### Instructions for the task
The result should be the listing below, restated exactly, with its pictures left out.
>>>>
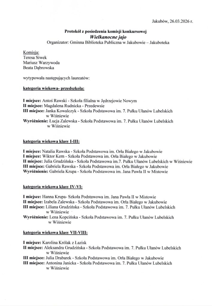 Konkurs gminny „Wielkanocne Jajko” zgromadził prace wielu utalentowanych uczestników, którzy poprzez swoje dzieła pokazali, jak bogata i różnorodna może być tradycja związana z okresem Wielkanocy. W wydarzeniu wzięły udział dzieci, młodzież oraz dorośli, a każda z zaprezentowanych prac wyróżniała się pomysłowością, starannością wykonania oraz indywidualnym podejściem do tematu. Prace zostały wykonane różnymi technikami. Ta różnorodność pokazała nie tylko kreatywność uczestników, ale także to, jak tradycja może być interpretowana na wiele sposobów, łącząc elementy dawne z nowoczesnymi.
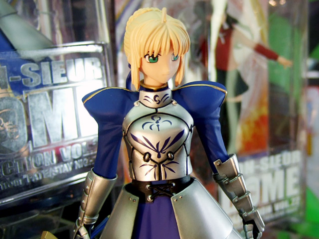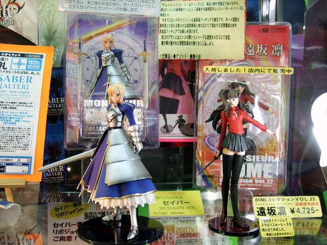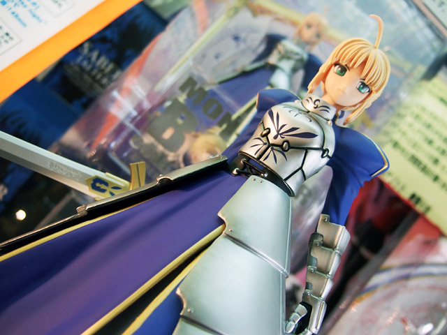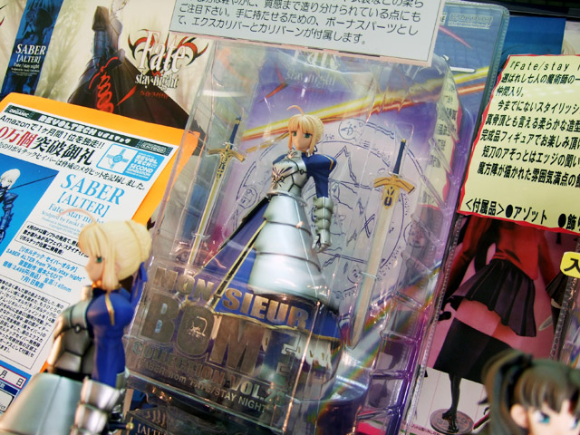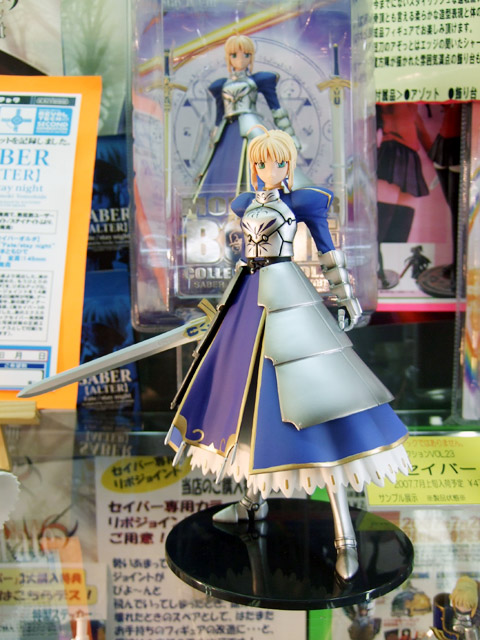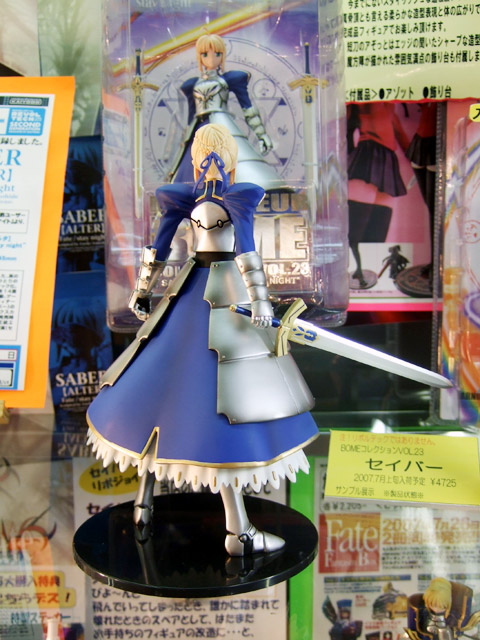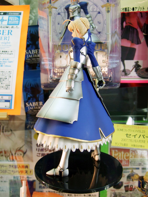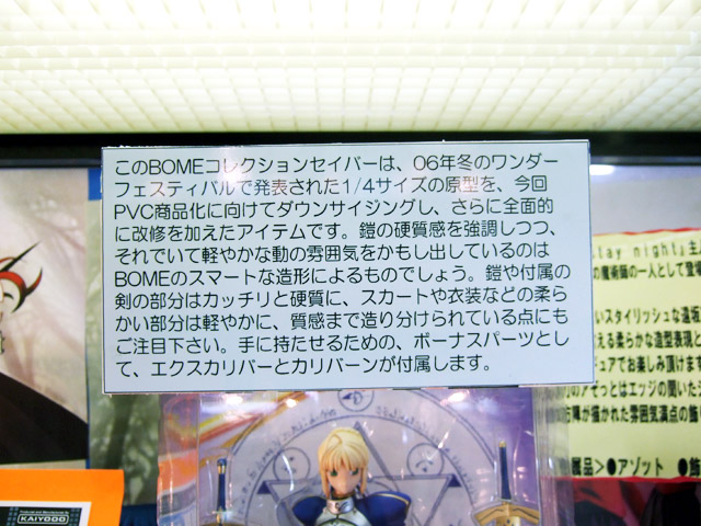 掲示されていたPOPの解説によると「このBOMEコレクションセイバーは、06年冬のワンダーフェスティバルで発表された1/4サイズの原型を、今回PVC商品化に向けてダウンサイジングし、さらにポーズ変更など、全面的に改修を加えたアイテムです。鎧の硬質感を強調しつつ、それでいて軽やかな動の雰囲気をもかもし出しているのは、BOMEのスマートな造型によるものでしょう。鎧や付属の剣の部分はカッチリと硬質に、スカートや衣装などの柔らかい部分は軽やかに、質感まで造り分けられている点にもご注目下さい。ボーナスパーツとして、エクスカリバーとカリバーンが付属します。」と紹介されています。
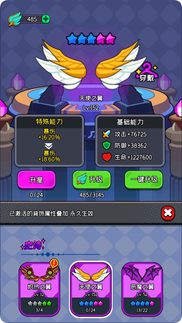 背饰系统,在游戏中期,可以为玩家提供非常多的数值加成,并且在整体外形上,也有多种搭配效果,同皮肤一样,开启多种翅膀也会加成到人物身上,就会使玩家在外形的选择上,完全根据自己的心意进行变化而不会影响战斗力!
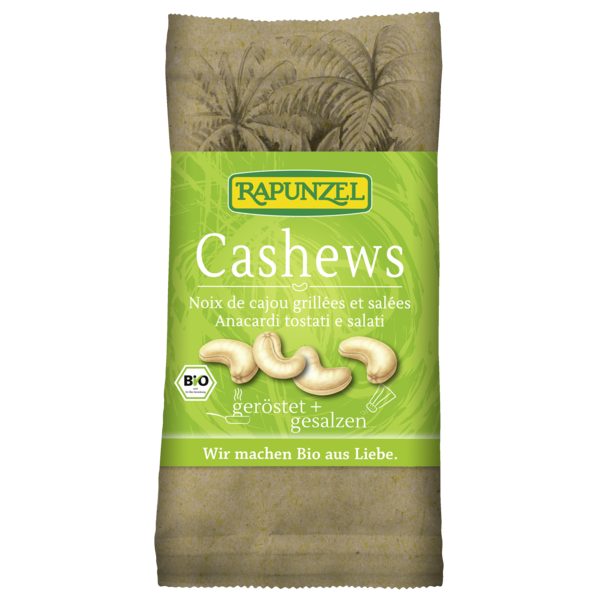 Crunchy snack! Roasted, salted and freshly packed at Rapunzel! Gently roasting with hot air produced with renewable energy unfolds the full cashew nut aroma and gives a perfect crunch.
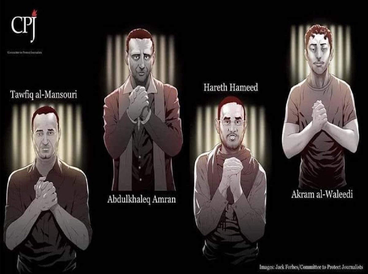 ويواجه أربعة صحفيين يمنيين محتجزين لدى الميليشيا في صنعاء منذ 2015، هم "عبدالخالق عمران وأكرم الوليدي وحارث حميد وتوفيق المنصوري"، خطر الموت على خلفية عملهم الصحفي.
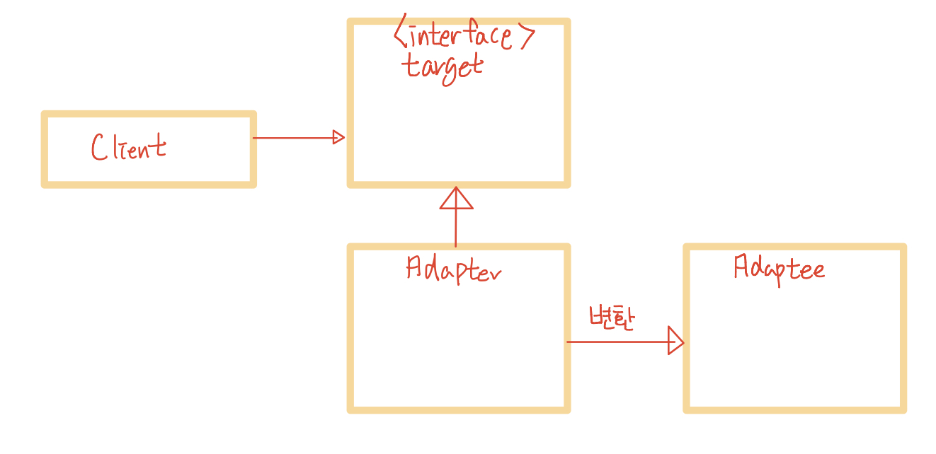- Adaptee는 현재 존재하는 클래스가 아닌 외부에서 가지고온 유용한 클래스입니다. 따라서 인터페이스가 다르기 때문에 바로 사용할 수가 없습니다.
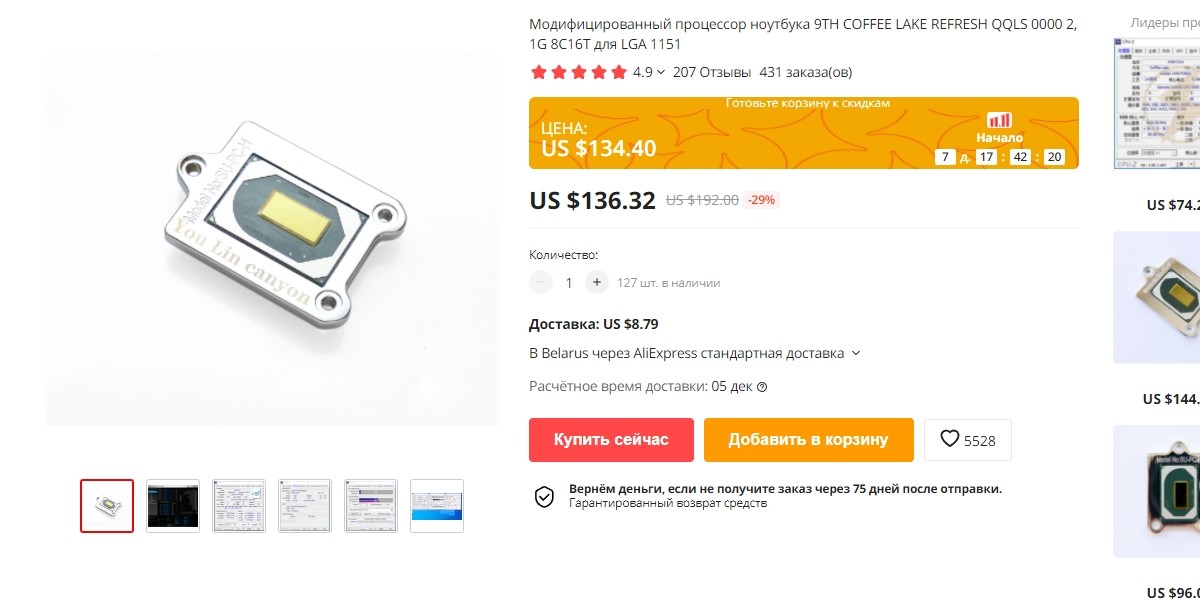 Дальше я смотрел уже в сторону CofeeLake, даже процессор от ноутбука обнаружил с переходником под LGA1151, не густо в плане производительности, но такой вариант тоже оставил на Ali, попросту нереально достать системную плату по адекватной стоимости на барахолке, а в магазинах уже не продают...
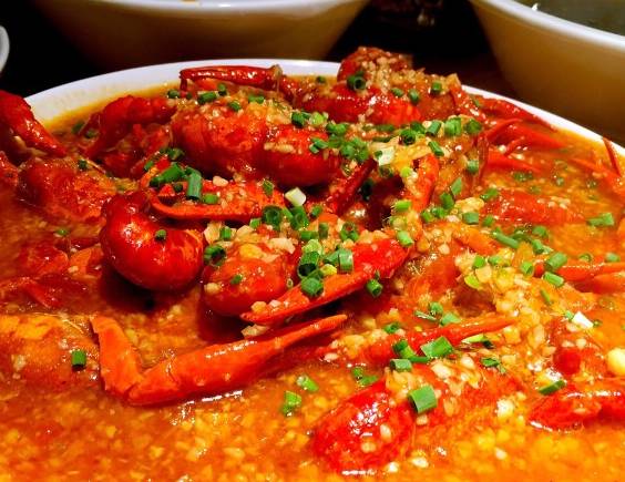 因为是每天从湖北潜江空运的鲜活小龙虾,为保证新鲜所以每天只供应80斤,所以去之前记得提前订位。剪头开背,入味得很,份量也很足。另外,最让我念念不忘的还有麻辣茄子,真是必点的特色菜,好吃到爆。
<<<<
### Answer to this task
 Konkurs gminny „Wielkanocne Jajko” zgromadził prace wielu utalentowanych uczestników, którzy poprzez swoje dzieła pokazali, jak bogata i różnorodna może być tradycja związana z okresem Wielkanocy. W wydarzeniu wzięły udział dzieci, młodzież oraz dorośli, a każda z zaprezentowanych prac wyróżniała się pomysłowością, starannością wykonania oraz indywidualnym podejściem do tematu. Prace zostały wykonane różnymi technikami. Ta różnorodność pokazała nie tylko kreatywność uczestników, ale także to, jak tradycja może być interpretowana na wiele sposobów, łącząc elementy dawne z nowoczesnymi.
 掲示されていたPOPの解説によると「このBOMEコレクションセイバーは、06年冬のワンダーフェスティバルで発表された1/4サイズの原型を、今回PVC商品化に向けてダウンサイジングし、さらにポーズ変更など、全面的に改修を加えたアイテムです。鎧の硬質感を強調しつつ、それでいて軽やかな動の雰囲気をもかもし出しているのは、BOMEのスマートな造型によるものでしょう。鎧や付属の剣の部分はカッチリと硬質に、スカートや衣装などの柔らかい部分は軽やかに、質感まで造り分けられている点にもご注目下さい。ボーナスパーツとして、エクスカリバーとカリバーンが付属します。」と紹介されています。
 背饰系统,在游戏中期,可以为玩家提供非常多的数值加成,并且在整体外形上,也有多种搭配效果,同皮肤一样,开启多种翅膀也会加成到人物身上,就会使玩家在外形的选择上,完全根据自己的心意进行变化而不会影响战斗力!
 Crunchy snack! Roasted, salted and freshly packed at Rapunzel! Gently roasting with hot air produced with renewable energy unfolds the full cashew nut aroma and gives a perfect crunch.
 ويواجه أربعة صحفيين يمنيين محتجزين لدى الميليشيا في صنعاء منذ 2015، هم "عبدالخالق عمران وأكرم الوليدي وحارث حميد وتوفيق المنصوري"، خطر الموت على خلفية عملهم الصحفي.
- Adaptee는 현재 존재하는 클래스가 아닌 외부에서 가지고온 유용한 클래스입니다. 따라서 인터페이스가 다르기 때문에 바로 사용할 수가 없습니다.
 Дальше я смотрел уже в сторону CofeeLake, даже процессор от ноутбука обнаружил с переходником под LGA1151, не густо в плане производительности, но такой вариант тоже оставил на Ali, попросту нереально достать системную плату по адекватной стоимости на барахолке, а в магазинах уже не продают...
 因为是每天从湖北潜江空运的鲜活小龙虾,为保证新鲜所以每天只供应80斤,所以去之前记得提前订位。剪头开背,入味得很,份量也很足。另外,最让我念念不忘的还有麻辣茄子,真是必点的特色菜,好吃到爆。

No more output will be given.